The Rind of Brie Cheese
One of the most common questions about Brie Cheese is, "Can you eat the rind?" Without exception Brie Cheese rind is edible and delicious. Brie Cheese rind is sprayed with a white mold called penicillium candidum, the same mold found on Camembert, triple crèmes, and some varieties of Italian deli salamis. This beneficial mold is applied early in the cheesemaking process to keep the Brie Cheese safe from other potentially harmful micro-organisms. Eating the rind of Brie Cheese is a matter of preference; some people enjoy the additional flavor it gives to the cheese, others only want to taste the creamy inside portion. If you do want to trim the rind off a large section of Brie Cheese, you may find it easier to refrigerate the Brie first. By chilling it, you will find the creamy interior much easier to handle as you cut away the rind.

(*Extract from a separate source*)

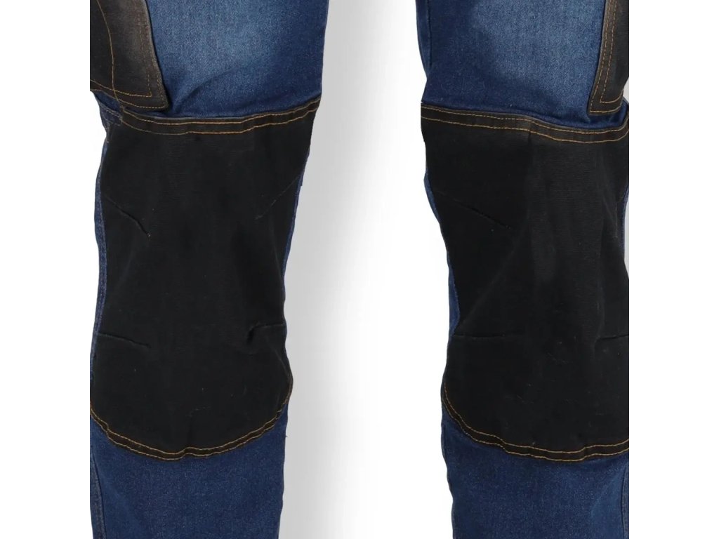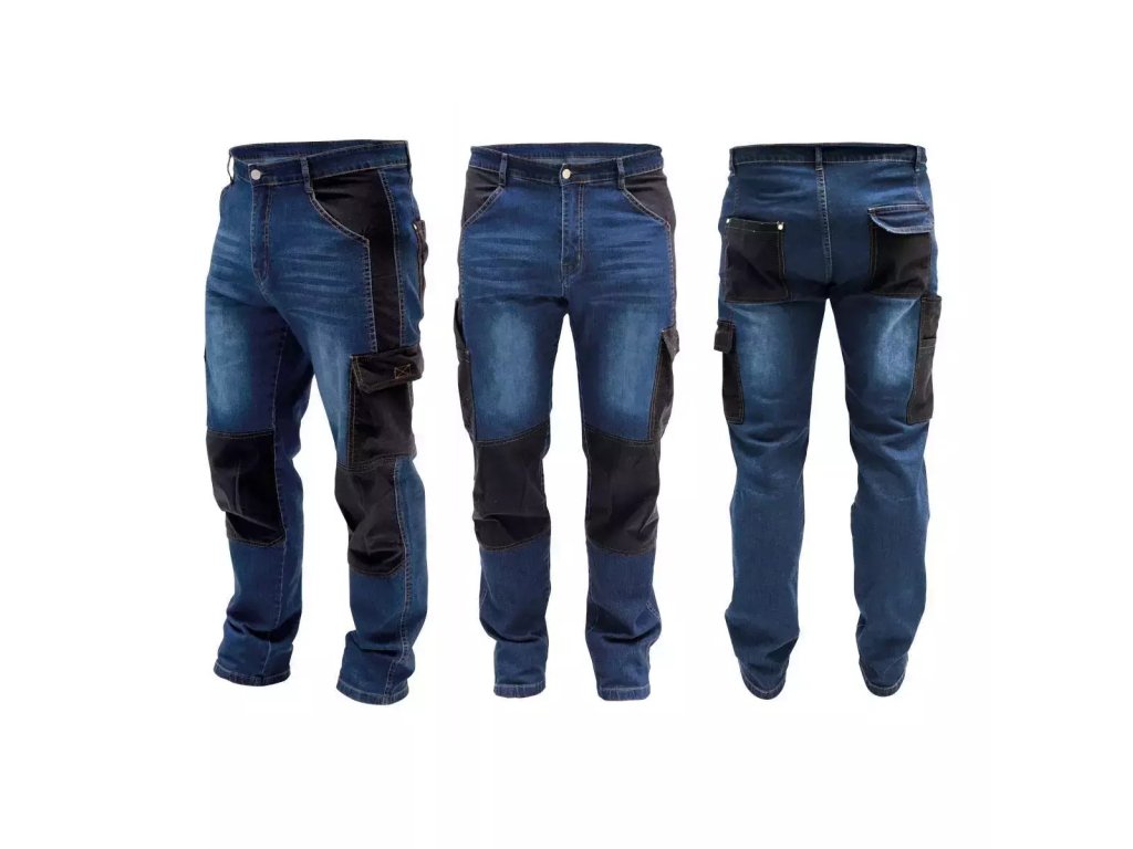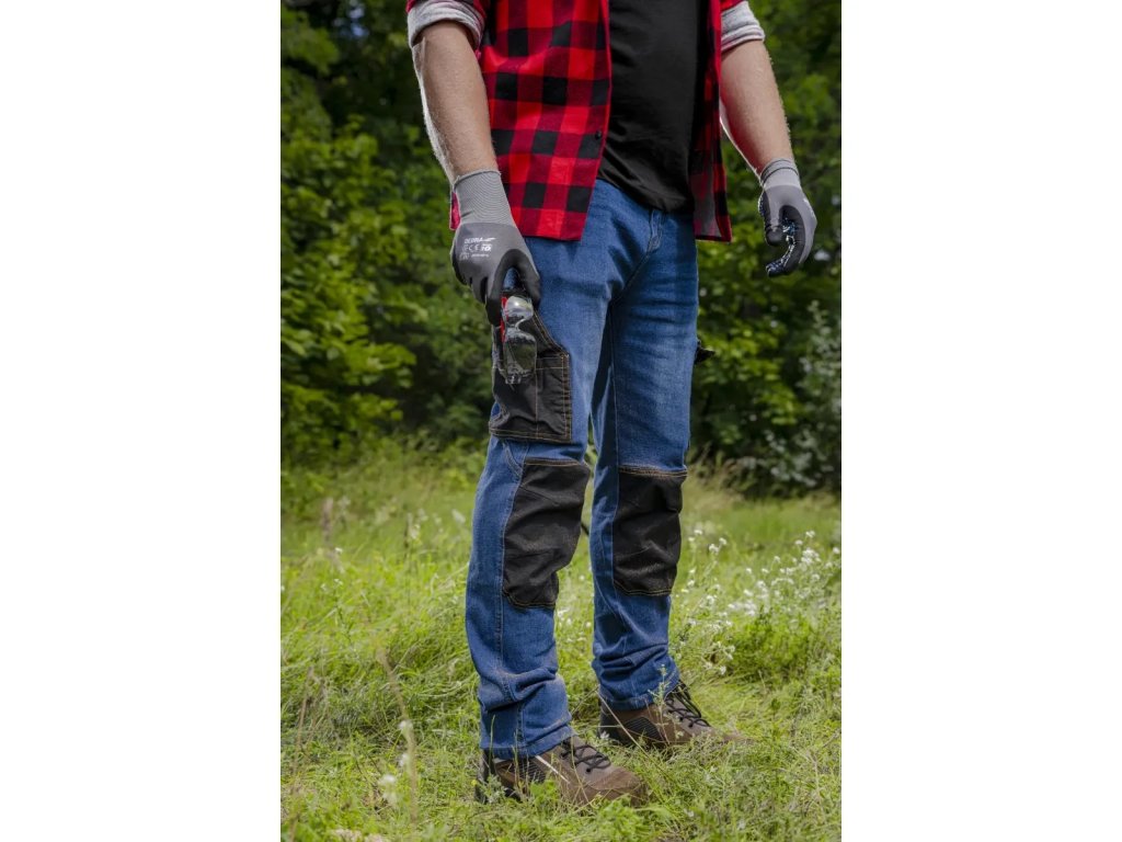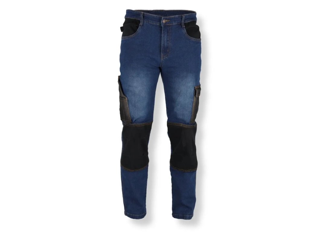 Dolge hlače iz džinsa so izdelane iz mešanice bombaža, poliestra in elastana. Material z gram težo 280 g/m2 zagotavlja dobro kroženje zraka in svobodo gibanja. Ojačitev na kolenih preprečuje trganje in obrabo, tudi ko se oblačilo pogosto uporablja pod oporo. Podaljšan pas izboljša prileganje in poveča udobje pri nošenju. Hlače imajo funkcionalne žepe, od katerih se dva zapenjata z ježkom. Hlače so idealne za uporabo na vrtu, pri obnovitvenih delih ali v delavnici.Značilnosti:

As soon as you cut into Brie Cheese, it will begin to lose quality immediately, so plan to consume it within five days. You can test the ripeness of the Brie Cheese by poking it for firmness or smelling its rind. Once cut, wrap your Brie in parchment paper or wax paper so the rind can continue to breathe and stay dry.
Brie en Croute
At room temperature, Brie becomes deliciously creamy. When warm, it positively oozes. This led many cheese lovers to begin baking Brie Cheese. Hot out of the oven, Baked Brie or Brie en Croute is a treat for any fan of cooking with cheese. Brie en Croute is French for "Brie in a Crust." To prepare Brie en Croute, roll out puff pastry or pie dough, lay a wheel of Brie Cheese in the center and fold up the edges to make a sealed parcel, then pop in a hot oven and bake at 325F for 10 to 15 minutes, until the dough browns. Brie en Croute should have a crispy, flaky crust surrounding a gooey, molten Brie Cheese interior.
Baked Brie can be made either savory for an appetizer or sweet as a dessert. A standard savory Baked Brie is topped with chopped garlic, herbs, and a dash of black pepper. Sweet Baked Brie Cheese can be coated with raspberry preserves and candied pecans, orange marmalade and almonds, or even caramel.